Background: Preimplantation development of mammalia is characterized by cell surface changes functioning in intercellular communication and adhesion. The glycoconjugate role in cellular interactions has been analysed for several groups but not in sheep embryos. The binding patterns of eleven lectins during sheep preimplantation development were investigated and the role of glycoconjugates in early development was discussed.

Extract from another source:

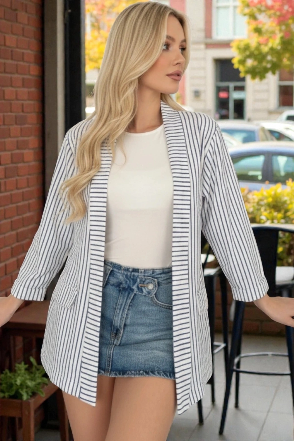 Kadın Lacivert Nakış Ve Kemer detaylı Balon Kol Müslin Kumaş Premium Kimono
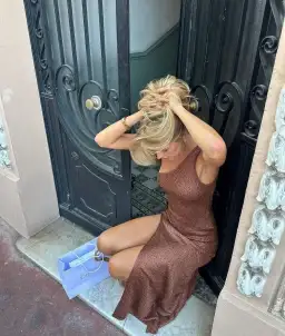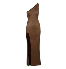 The Sofia Split Dress in Chocolate Sequin by Asta Resort. An opulent ankle length dress designed to be the centre of attention and flaunting your figure. Made from a lustrous cotton-based knit woven in with micro sequins from head to toe. 60% Cotton 40% Polyester. Light stretch, slip over design.

Methods: Ultrathin sections from preimplantation ovine embryos (3-7 days) were incubated with different colloidal gold conjugated lectins and the frequency of gold particles on the cell membrane, some organelles, and the zona pellucida was evaluated.
Results and conclusions: We observed a higher staining of WGA, DBA, and SBA lectins in the intercellular contact zone with respect to the free cell surface of blastomeres during cleavage. This indicates that the N-acetyl galactosamine and N-acetyl glucosamine residues may be involved in sheep morula compaction. In contrast, the trophoblast cell displays an increase of staining of some lectins previously identified during cleavage (LcH, WGA, SBA, MPA, and PNA) on the free membrane, and a lack of sugar residues in the intercellular surface. This polarization of the trophoblast cell surface is not observed in the inner cell mass and could provide a mechanism for differentiation within the blastocyst. Intracytoplasmic vesicles show a cytochemical identity with lysosomes in the blastocyst (abundant GlcNAc and Man/Glc residues) that may reflect a functional relationship between both organelles in an intracellular cycle. The zona pellucida presents abundant GalNAc, GlcNAc, and Gal residues during preimplantation ovine development.